__TASK DIRECTIONS__. All pictures must be left out as you transcribe the lines from the first line of the data to the line containing "Excellent handcarved piece", both included.

__PROVIDED MATERIAL__.
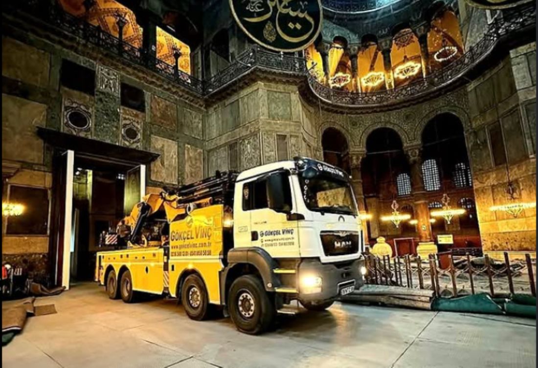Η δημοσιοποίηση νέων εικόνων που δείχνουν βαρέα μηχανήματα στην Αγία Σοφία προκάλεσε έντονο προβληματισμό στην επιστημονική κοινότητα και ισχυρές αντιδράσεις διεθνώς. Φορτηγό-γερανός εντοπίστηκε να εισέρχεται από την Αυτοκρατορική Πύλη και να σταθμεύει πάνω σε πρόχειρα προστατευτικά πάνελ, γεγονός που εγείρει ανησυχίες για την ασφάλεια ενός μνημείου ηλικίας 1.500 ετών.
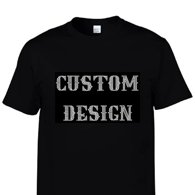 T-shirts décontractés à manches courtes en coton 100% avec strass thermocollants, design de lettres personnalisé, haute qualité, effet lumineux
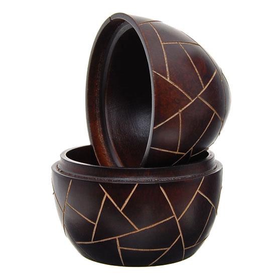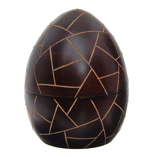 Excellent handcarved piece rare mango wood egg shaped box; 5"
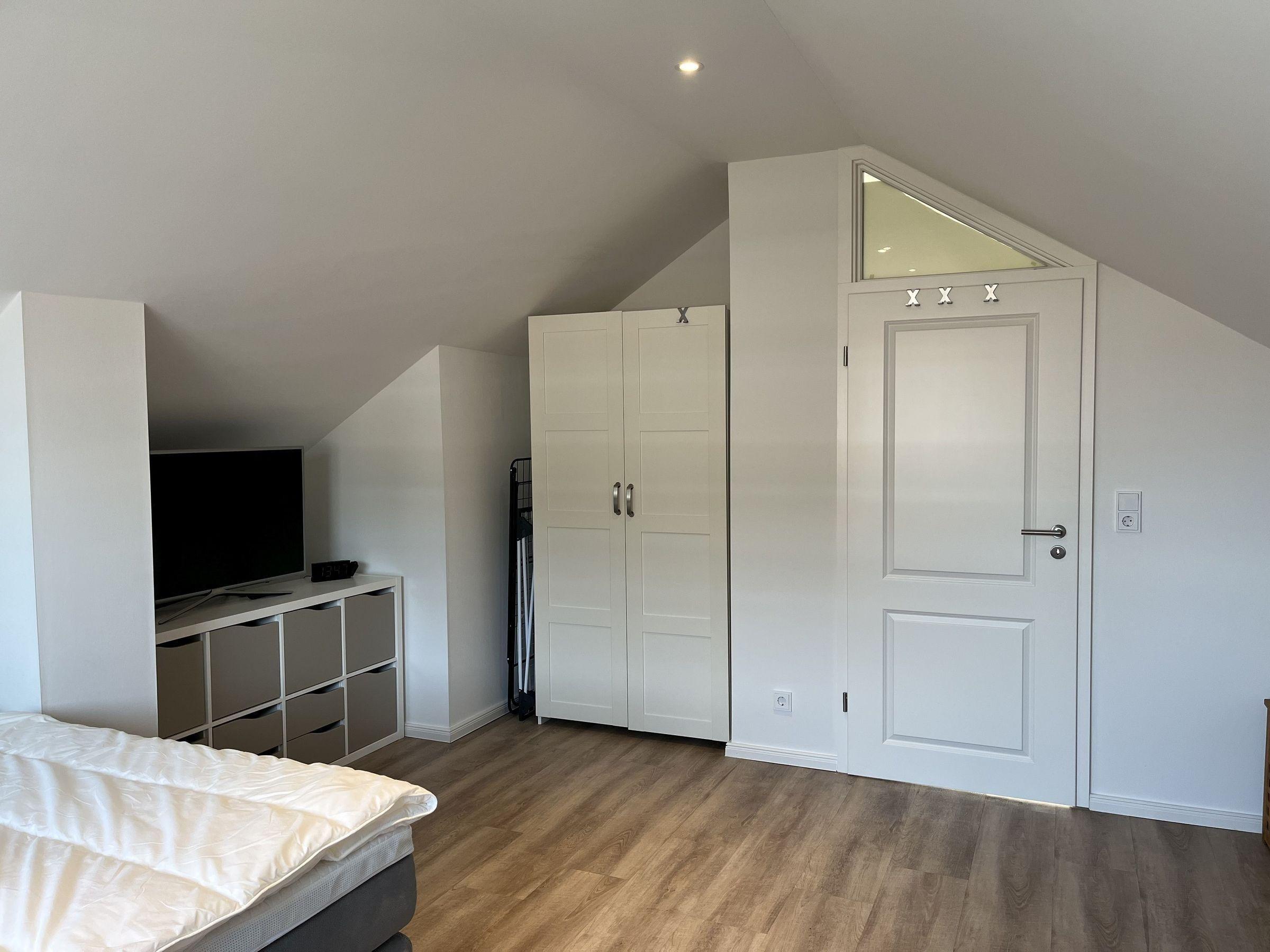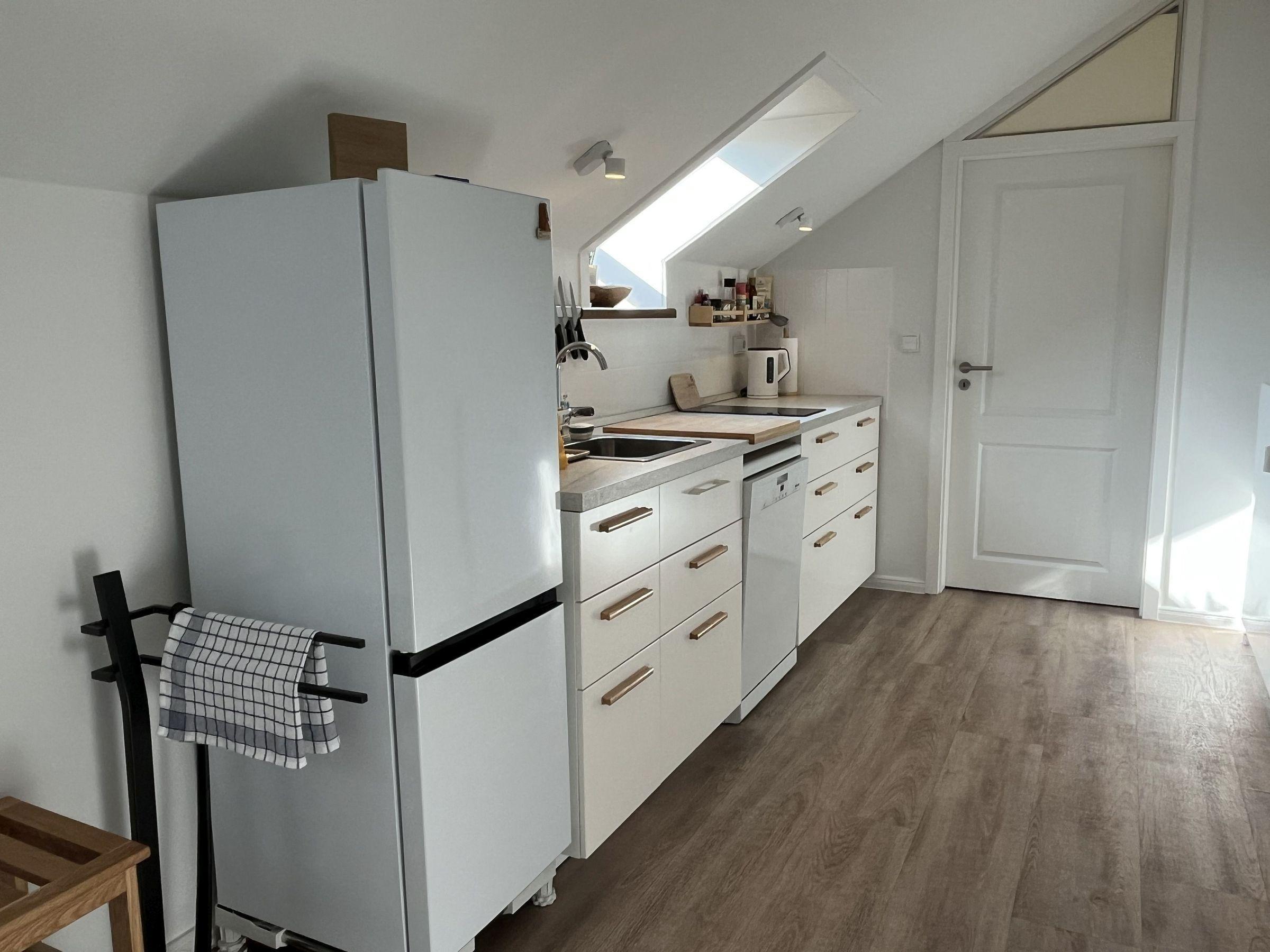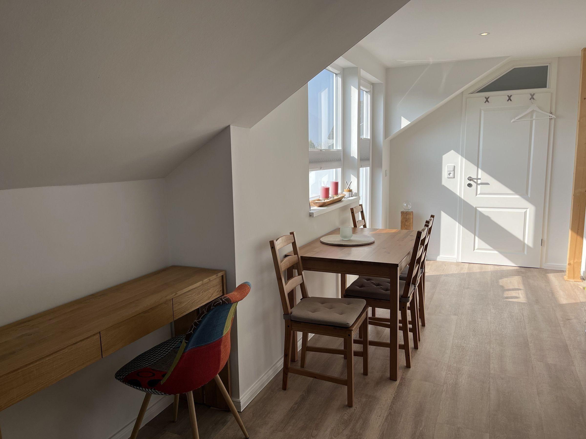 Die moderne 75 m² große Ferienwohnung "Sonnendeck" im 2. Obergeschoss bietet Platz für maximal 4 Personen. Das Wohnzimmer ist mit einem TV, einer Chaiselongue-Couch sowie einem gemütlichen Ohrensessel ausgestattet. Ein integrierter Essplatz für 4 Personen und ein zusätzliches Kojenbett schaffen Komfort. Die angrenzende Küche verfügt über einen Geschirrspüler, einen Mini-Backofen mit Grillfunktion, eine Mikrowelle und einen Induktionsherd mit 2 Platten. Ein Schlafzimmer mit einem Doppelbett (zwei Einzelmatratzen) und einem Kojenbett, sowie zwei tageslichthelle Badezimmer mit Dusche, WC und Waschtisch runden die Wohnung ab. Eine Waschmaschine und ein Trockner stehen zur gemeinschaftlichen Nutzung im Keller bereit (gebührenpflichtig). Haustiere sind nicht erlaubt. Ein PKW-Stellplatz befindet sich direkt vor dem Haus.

__TASK ANSWER__.
Η δημοσιοποίηση νέων εικόνων που δείχνουν βαρέα μηχανήματα στην Αγία Σοφία προκάλεσε έντονο προβληματισμό στην επιστημονική κοινότητα και ισχυρές αντιδράσεις διεθνώς. Φορτηγό-γερανός εντοπίστηκε να εισέρχεται από την Αυτοκρατορική Πύλη και να σταθμεύει πάνω σε πρόχειρα προστατευτικά πάνελ, γεγονός που εγείρει ανησυχίες για την ασφάλεια ενός μνημείου ηλικίας 1.500 ετών.
 T-shirts décontractés à manches courtes en coton 100% avec strass thermocollants, design de lettres personnalisé, haute qualité, effet lumineux
 Excellent handcarved piece rare mango wood egg shaped box; 5"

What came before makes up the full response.